Image result for Curr Clin Pharmacol.

“Cannabis sativa is also popularly known as marijuana. It is being cultivated and used by man for recreational and medicinal purposes from many centuries.

Study of cannabinoids was at bay for very long time and its therapeutic value could not be adequately harnessed due to its legal status as proscribed drug in most of the countries.

The research of drugs acting on endocannabinoid system has seen many ups and down in recent past. Presently, it is known that endocannabinoids has role in pathology of many disorders and they also serve “protective role” in many medical conditions.

Several diseases like emesis, pain, inflammation, multiple sclerosis, anorexia, epilepsy, glaucoma, schizophrenia, cardiovascular disorders, cancer, obesity, metabolic syndrome related diseases, Parkinson’s disease, Huntington’s disease, Alzheimer’s disease and Tourette’s syndrome could possibly be treated by drugs modulating endocannabinoid system.

Presently, cannabinoid receptor agonists like nabilone and dronabinol are used for reducing the chemotherapy induced vomiting. Sativex (cannabidiol and THC combination) is approved in the UK, Spain and New Zealand to treat spasticity due to multiple sclerosis. In US it is under investigation for cancer pain, another drug Epidiolex (cannabidiol) is also under investigation in US for childhood seizures. Rimonabant, CB1 receptor antagonist appeared as a promising anti-obesity drug during clinical trials but it also exhibited remarkable psychiatric side effect profile. Due to which the US Food and Drug Administration did not approve Rimonabant in US. It sale was also suspended across the EU in 2008.

Recent discontinuation of clinical trial related to FAAH inhibitor due to occurrence of serious adverse events in the participating subjects could be discouraging for the research fraternity. Despite of some mishaps in clinical trials related to drugs acting on endocannabinoid system, still lot of research is being carried out to explore and establish the therapeutic targets for both cannabinoid receptor agonists and antagonists.

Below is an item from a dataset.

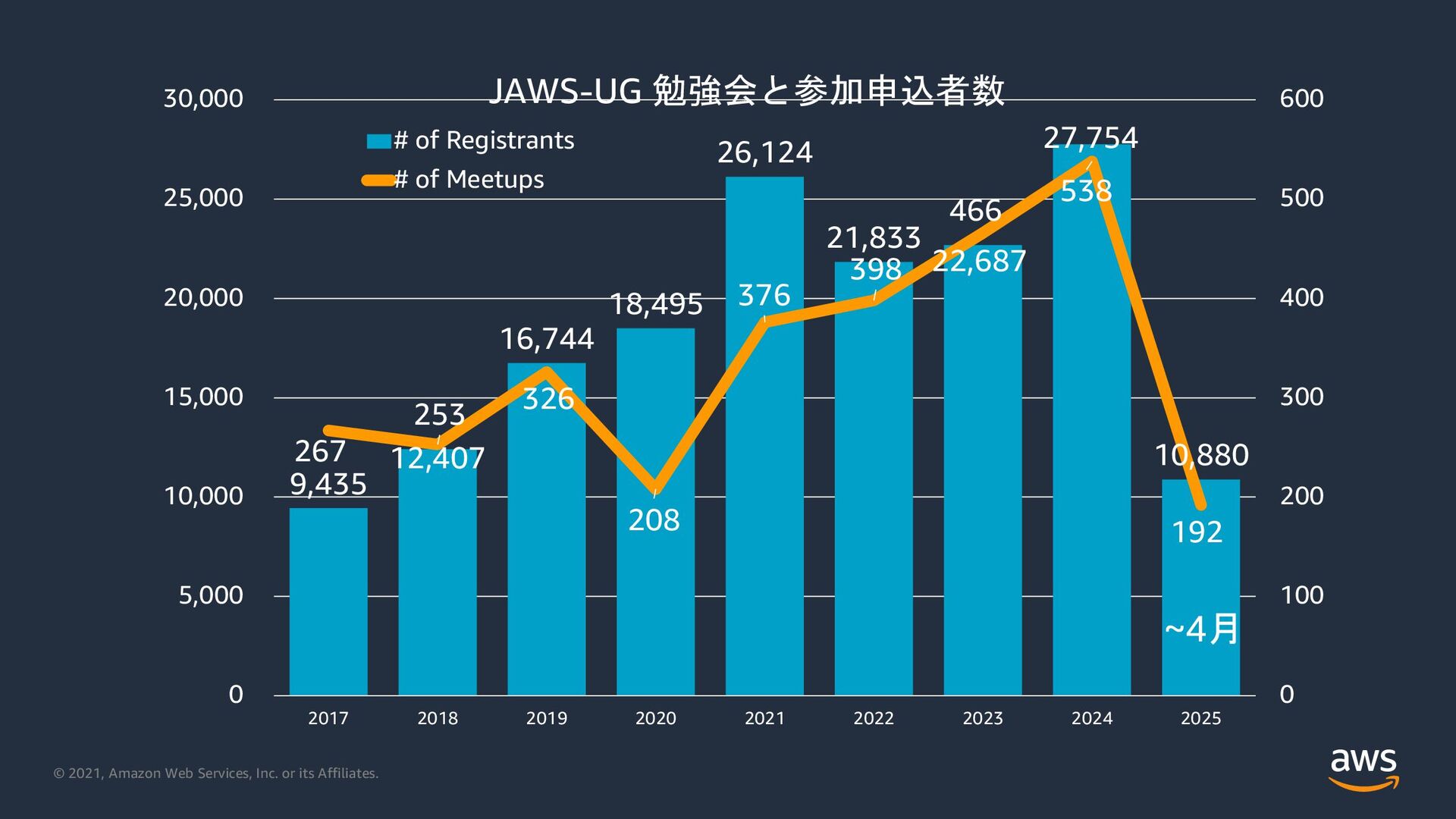 Communities 2025 Mar 登録メンバー数 登録コミュニティメンバー数 #0 JAWS-UG 全国 15,971 (D) 13,678 (+16.3%) #1 JAWS-UG 初心者支部 5,174 (C) 4,524 (+13.6%) #2 JAWS-UG 東京支部 5,118 (C) 2,111 (+133.2%) #3 JAWS-UG コンテナ支部 4,055 (C) 3,555 (+14.2%) #4 JAWS-UG AI/ML支部 4,036 (C) 1,819 (+116.5%) #5 AWS Startup Community 3,185 (C) 2,197 (+43.5%) #6 NW-JAWS 2,778 (C) 1,328 (+83.5%) #7 JAWS-UG アーキ専門支部 2,718 (C) 2,552 (+6.4%) #8 JAWS-UG 横浜支部 2,107 (C) 1,621 (+29.3%) #9 JAWS-UG SRE支部 2,027 (C) 1,104 (+83.4%) #10 Fin-JAWS 1,888 (C) 1,393 (+33.7%) Security-JAWS 4,375(D) -> 1,176(C), JAWS-UG関西 3,363(D)-> Osaka 262(C), 京都(122) 2025/3/25 2023/4/1 (% growth to 2025)

One challenge is to develop drugs that target only cannabinoid receptors in a particular tissue and another is to invent drugs that acts selectively on cannabinoid receptors located outside the blood brain barrier. Besides this, development of the suitable dosage forms with maximum efficacy and minimum adverse effects is also warranted.

Another angle to be introspected for therapeutic abilities of this group of drugs is non-CB1 and non-CB2 receptor targets for cannabinoids.

In order to successfully exploit the therapeutic potential of endocannabinoid system, it is imperative to further characterize the endocannabinoid system in terms of identification of the exact cellular location of cannabinoid receptors and their role as “protective” and “disease inducing substance”, time-dependent changes in the expression of cannabinoid receptors.”

http://www.ncbi.nlm.nih.gov/pubmed/27086601

Intrathecal cannabinoid-1 receptor agonist prevents referred hyperalgesia in acute acrolein-induced cystitis in rats.

“We investigated the capacity of intrathecal arachidonyl-2′-chloroethylamide (ACEA), a cannabinoid-1 receptor (CB1R) agonist, to inhibit referred hyperalgesia and increased bladder contractility resulting from acute acrolein-induced cystitis in rats…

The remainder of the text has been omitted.